La espada enjoyada hendió el aire con un silbido y le cercenó la cabeza a uno de los atacantes.

Cuando los sarracenos se dieron cuenta de que se enfrentaban a un nuevo enemigo, retrocedieron y lo apuntaron con sus flechas. Fadl Ibn al Nafzi también cogió su arco.

—¡Serás el primero en morir, perro! —vociferó.

Gracias al atuendo judío no había reconocido a Konrad; en cambio este comprendió de inmediato a quién se enfrentaba y se abalanzó sobre el bereber como un toro enfurecido. El movimiento abrupto sorprendió a los arqueros y sus flechas no dieron en el blanco. Antes de que pudieran volver a disparar, una piedra lanzada por la honda de Maite golpeó a uno de ellos en la cabeza. El segundo también erró el disparo al recibir una pedrada por parte de Just.

Entre tanto, Konrad arremetía contra Fadl blandiendo la espada y obligándolo a retroceder cada vez más.

—¡Ha llegado tu fin, cerdo repugnante! —rugió al tiempo que alzaba el arma para asestar el golpe decisivo.

El último arquero no osó disparar por temor a traspasar a su jefe, pero el sarraceno herido por Philibert golpeó a Konrad con el hombro. Este cayó y perdió la espada. Antes de que pudiera recogerla, Fadl Ibn al Nafzi se abalanzó sobre él y alzó la cimitarra. Maite vio brillar la hoja a la luz del sol y supo que para Konrad el siguiente instante sería el último. Pero cuando quiso cargar la honda, la piedra se deslizó de sus manos sudorosas y no tuvo tiempo de volver a recogerla. Soltando un agudo alarido, dejó caer la honda inútil, desenvainó el puñal y alcanzó a Fadl, quien solo vio una sombra que se abalanzaba sobre él. Antes de que pudiera volverse, Maite le clavó el puñal en la garganta y, al caer, la sangre del bereber le salpicó las manos y la ropa.

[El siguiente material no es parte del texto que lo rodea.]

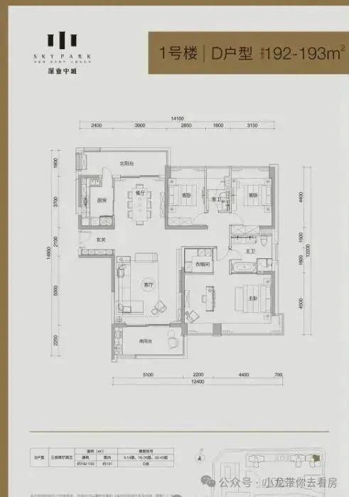 D户型:192-193㎡3房2卫(可改4房),套内面积151㎡,户型与B户型类似,同样享受香蜜公园景观。

Al ver a Fadl Ibn al Nafzi yaciendo a sus pies, Maite sintió náuseas, el puñal se deslizó de sus manos y, horrorizada, se quedó mirándose las manos, de las que goteaba la sangre caliente del muerto. ¡Cuántas veces no habría imaginado que daba muerte a Fadl y a su tío durante las largas horas de cautiverio! Ahora el hombre que la encerró y la violó yacía a sus pies como un animal, pero ella no experimentó la satisfacción esperada.

Mientras Maite permanecía inmóvil, Konrad logró ponerse en pie, pero ya no se enfrentaba a ningún enemigo: el último sarraceno había huido y Philibert acababa de matar al herido.

—Me habéis sacado de un buen apuro. ¿Cómo puedo agradecéroslo, amigo mío…? —empezó a decir, pero entonces reconoció a Konrad y soltó un grito—. ¿Me he vuelto loco, o es que los muertos se levantan de sus tumbas para ayudar a los vivos?

—No pongo en duda de que eres un loco, pero me niego a ser considerado un muerto, ¡porque de momento creo que incluso estoy más vivo que tú! —dijo Konrad, indicando la cota de malla de Philibert cada vez más teñida de rojo—. Deberías quitarte eso.

—Lo haría con mucho gusto, pero creo que yo solo no podré.

Philibert estaba embargado por la sorpresa y la alegría de ver a su amigo, a quien había dado por muerto en Roncesvalles.

Konrad llamó a Just para que le ayudara a quitarle la cota de malla a Philibert sin abrir sus heridas aún más.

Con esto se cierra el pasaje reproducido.